También hay otro factor decisivo, externo con implicaciones internas: el aumento del poder recibido por los organismos dirigentes, a los diferentes niveles, derivado de las relaciones y acuerdos institucionales y con las organizaciones empresariales que les proporcionan recursos económicos y humanos.

En una organización amplia, jerárquica y compleja como un gran sindicato, el poder de los organismos dirigentes aumenta, la regulación y gestión de ese poder tiene un papel fundamental, y el componente de representación suele aparecer de forma subordinada y dependiente. El rasgo principal ya no es la función típica burocrática –de gestión administrativa o especializada-, por mucho que haya aumentado su actividad de ‘servicios’. Tampoco lo es la función intermedia relacionada con la representación y mediación.
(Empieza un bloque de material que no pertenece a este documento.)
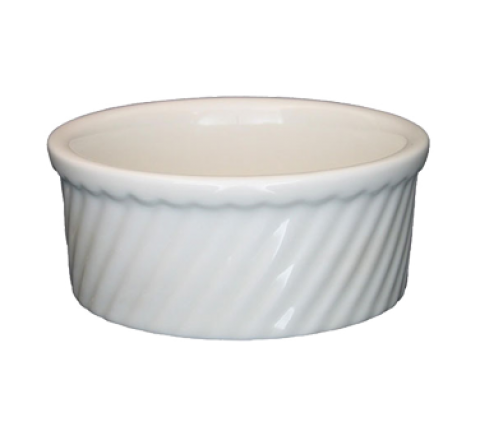 Soufflé Dish, 8 oz., 4-3/8" dia. x 1-7/8"H, round, swirl, fully vitrified, oven/microwave/dishwasher safe, oven safe to 450°F, lead free, porcelain, European White

El componente fundamental es la gestión del poder recibido, con una gestión organizacional eficaz y racional, atributos de la burocracia weberiana.
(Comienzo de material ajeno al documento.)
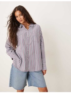 AWARE oversized boyfriend fit oxford shirt in blue and burgundy stripe

El poder de los órganos dirigentes de un gran sindicato –la alta estructura- es limitado, condicionado y delegado desde dos ámbitos: 1) del interior, de la base sindical, sobre todo, el de la estructura intermedia, y 2) del exterior, derivados de la capacidad de disponer recursos y del apoyo de las instancias empresariales e institucionales. Para mantener y ampliar el poder del ‘sindicato’ –estructura, organismos dirigentes- las élites sindicales tienen que desarrollar también las funciones de liderazgo y representación –legitimidad- y no quedarse sólo en gestores del poder organizacional. Es la encrucijada dada en determinadas coyunturas de excesiva presión institucional y empresarial o de cuestionamiento de esos poderes y estatus. Entonces se acude a fortalecer el poder propio emanado de un apoyo de la base sindical y popular, en un amplio proceso de participación y movilización social. Así, los sindicatos para defender su supervivencia ante la subordinación de los poderes económicos y políticos tienen dos opciones: 1) aceptar esa dependencia progresiva renunciando a sus funciones básicas; o bien, 2) autoafirmarse en su identificación con las bases sindicales y en su capacidad representativa. Todo ello en el entramado de dinámicas e intereses creados para salvaguardar el estatus del propio aparato sindical.
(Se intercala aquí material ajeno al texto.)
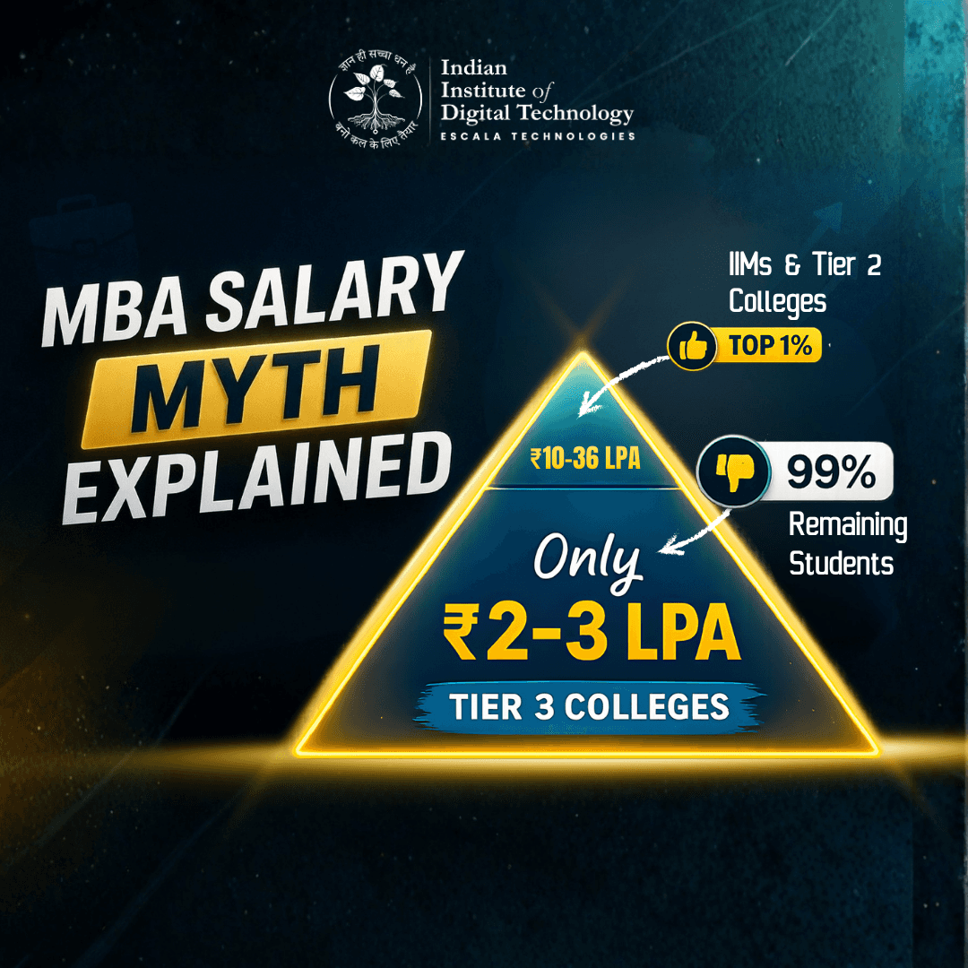At the very top, MBA salaries are higher — IIM graduates earn more than most digital marketers in their first job. But here’s the catch: that top tier represents less than 1% of all MBA graduates in India. For the other 99%, the MBA degree salary is in many cases lower than what a skilled digital marketer earns.

En conclusión, se han analizado, específicamente, los componentes de las estructuras sindicales y el papel de sus élites y burocracias, su doble función de representación y gestión o intermediación. Todo ello en sus contextos, valores, posiciones sociales y relaciones de poder. Son cuestiones organizativas que afectan a las identidades de los sindicatos y condicionan su renovación.


 

[1] Primero, entre anarquistas y marxistas hasta la consolidación de la IIª Internacional; segundo, tras la revolución bolchevique del año 1917, entre la tradición socialdemócrata y las nuevas expresiones de los soviets y consejos obreros, en particular, en Alemania e Italia –es la época de clásicos, como Weber y Michels, o bien, Gramsci y Rosa Luxemburgo-; tercero, volvió a resurgir el debate, al calor del proceso de institucionalización del movimiento sindical en los años sesenta y setenta, junto con las grandes movilizaciones en Francia e Italia a finales de los sesenta, con nuevas formas de participación obrera.

[2] Partícipe en CC.OO. desde su fundación, representante sindical y con diversos puestos de responsabilidad desde 1978, y en órganos de dirección confederal entre los años 1996 y 2004.

[3] Por otra parte, si se analiza el personal que trabaja o colabora en los sindicatos por la función estrictamente burocrática -experto, técnico, profesional, especialista, asesor, gestor o administrativo-, se puede clasificar en los mismos tres niveles, pero relacionados asimétricamente con los primeros. Estas personas no están directamente elegidas, sino ‘seleccionadas’ desde ‘arriba’. No son ‘representantes’, y tienen mayor dependencia de la estructura sindical. Pero su función de gestión del poder organizacional es secundaria. Por ello, al igual que la representación de base, tampoco es, propiamente, burocracia sindical.